You don’t need to do this calculation yourself. Scikit-learn handles it entirely when you call .fit(). But knowing what it’s doing explains why the line ends up where it does.
import pandas as pd
from sklearn.linear_model import LinearRegression
from sklearn.model_selection import train_test_split
from sklearn.metrics import mean_absolute_error
# Load data
df = pd.read_csv("houses.csv")
X = df[["size_sqft"]]
y = df["price"]
# Split
X_train, X_test, y_train, y_test = train_test_split(X, y, test_size=0.2, random_state=42)
# Train
model = LinearRegression()
model.fit(X_train, y_train)
# Predict
predictions = model.predict(X_test)
# Evaluate
mae = mean_absolute_error(y_test, predictions)
print(f"Mean Absolute Error: £{mae:,.0f}")
The structure is identical to the workflow you learned last unit. The only things that changed are the import (LinearRegression instead of DecisionTreeClassifier) and the evaluation metric.
In the last unit you used accuracy — the percentage of correct predictions. That worked because the output was a category (passed or failed).
Linear regression predicts a number. There’s no “correct” or “incorrect” — only how close you were. That’s why you use a different metric.
Mean Absolute Error (MAE) is the average distance between your predictions and the actual values:
MAE = average of |actual - predicted| for all test examples
If your model predicts house prices with an MAE of £15,000, it means your predictions are off by £15,000 on average.

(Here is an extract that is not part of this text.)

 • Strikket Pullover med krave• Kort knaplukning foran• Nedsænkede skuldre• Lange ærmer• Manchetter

Whether that’s acceptable depends on the context — it’s great for a £500,000 house and poor for a £60,000 flat.
MAE is easy to interpret because it’s in the same units as your target variable.
Once trained, you can look directly at what the model learned:
print(f"Slope: {model.coef_[0]:,.2f}")
print(f"Intercept: {model.intercept_:,.2f}")

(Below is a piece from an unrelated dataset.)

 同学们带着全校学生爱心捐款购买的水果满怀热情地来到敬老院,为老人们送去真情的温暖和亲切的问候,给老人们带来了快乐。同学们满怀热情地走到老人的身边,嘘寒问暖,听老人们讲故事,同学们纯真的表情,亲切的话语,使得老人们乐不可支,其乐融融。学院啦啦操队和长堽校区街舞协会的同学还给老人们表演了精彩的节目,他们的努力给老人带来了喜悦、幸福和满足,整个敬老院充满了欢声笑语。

This gives you something like:
Slope: 162.50
Intercept: 20,000.00
Which means the model learned: for every additional square foot, the predicted price increases by £162.50. The intercept (£20,000) is the baseline value when size is zero — not meaningful on its own, but necessary for the maths.

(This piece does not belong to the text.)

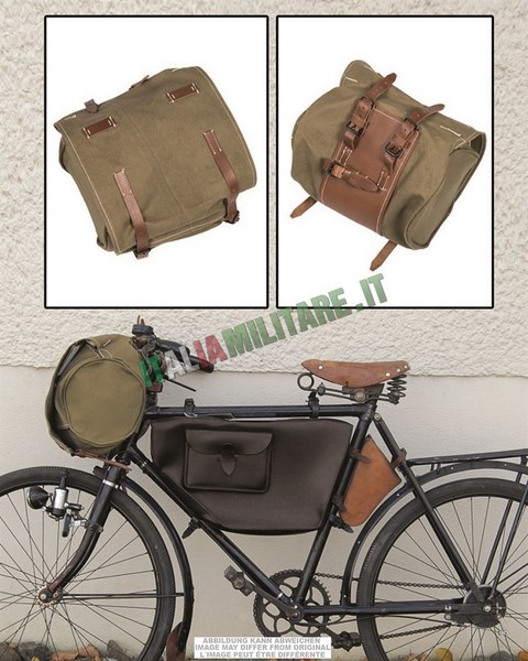 BORSA SVIZZERA DA BICICLETTA – NUOVO ORIGINALEQuesta borsa da manubrio "Handlebars" è un accessorio originale ex dotazione dell'Esercito Svizzero. Realizzata in resistente cotone, ha due cinghie in pelle frontali atte a chiudere la borsa e altre cinghie posteriori regolabili che consentono invece di fissare la sacca attorno al manubrio. In ρiυ', al di sotto della patta principale, si trovano due bottoni automatici che consentono una chiusura più sicura della borsa. Queste borse furono fornite alla fanteria ciclabile svizzera, insieme alla bicicletta MO-05, tra il 1905 e il 1989 e venivano utilizzate per il trasporto degli oggetti più vari, in particolare dell'elmetto. COLORE: COME DA FOTO MARCA: ESERCITO SVIZZERO MATERIALE: corpo in cotone, cinghie e finiture in pelle CONDIZIONI: NUOVA, NON HA USO Da oltre 10 anni Italia Militare si occupa della vendita online di abbigliamento militare, forniture militari e Borsa Militare per Bicicletta Originale Svizzera vantando una grande esperienza e un magazzino di mille metri quadrati con oltre undicimila prodotti militari disponibili a stock. Supportiamo e riforniamo di abbigliamento militare e accessori militari le nostre forze armate, forze dell'ordine e operatori di sicurezza, anche nelle missioni all'estero. I nostri prodotti sono destinati a militari, outdoor, tempo libero, soft-air e ai collezionisti. Puoi ordinare Borsa Militare per Bicicletta Originale Svizzera attraverso web, E-mail e telefono. Se hai difficoltà a trovare Borsa Militare per Bicicletta Originale Svizzera utilizza il campo ricerca per filtrare i risultati. Tutti i prodotti del settore provengono dai più importanti e affidabili fornitori del settore militaria e outdoor. La soddisfazione del Cliente è importante per Italia Militare e per questo la consegna di Borsa Militare per Bicicletta Originale Svizzera avviene nel più breve tempo possibile.

This interpretability is one of linear regression’s strengths. You can look inside the model and explain exactly how it makes its decisions.
So far you’ve used one feature — house size. But you might have more:
size_sqft | bedrooms | age_years | price
----------|----------|-----------|--------
800 | 2 | 30 | 150000
1200 | 3 | 10 | 210000
Linear regression handles this automatically. Instead of a line in two dimensions, it fits a plane (or hyperplane) in higher dimensions. The equation becomes:
price = m1 * size + m2 * bedrooms + m3 * age + b
Each feature gets its own coefficient. .fit() finds all of them simultaneously. The code doesn’t change at all:
X = df[["size_sqft", "bedrooms", "age_years"]]
That’s one of the reasons linear regression is a good starting point — it scales cleanly to multiple features with no extra effort.
Linear regression assumes a linear relationship between your features and your target — that the output increases or decreases at a constant rate as each input changes.
That assumption holds for many real-world problems. House prices do tend to increase with size. Fuel consumption does tend to increase with engine size. Revenue does tend to increase with advertising spend.
It breaks down when the relationship is curved, when features interact in complex ways, or when the output is categorical. You wouldn’t use linear regression to predict whether an email is spam — that’s a classification problem. And you wouldn’t use it to predict something that follows an S-curve or exponential pattern.
Knowing where an algorithm fits is as important as knowing how to run it.
Linear regression is a model that fits a straight line through your data by minimising prediction errors. It learns a coefficient for each feature — a number that says how much that feature moves the prediction — and an intercept as a baseline.
It’s transparent, fast, and often surprisingly effective. When you move to more complex algorithms later, you’ll use linear regression as a baseline: if a more sophisticated model can’t beat it, something has probably gone wrong.
In the next unit you’ll tackle your first classification algorithm — Logistic Regression — and see how a small change to this idea produces a model that predicts categories instead of numbers.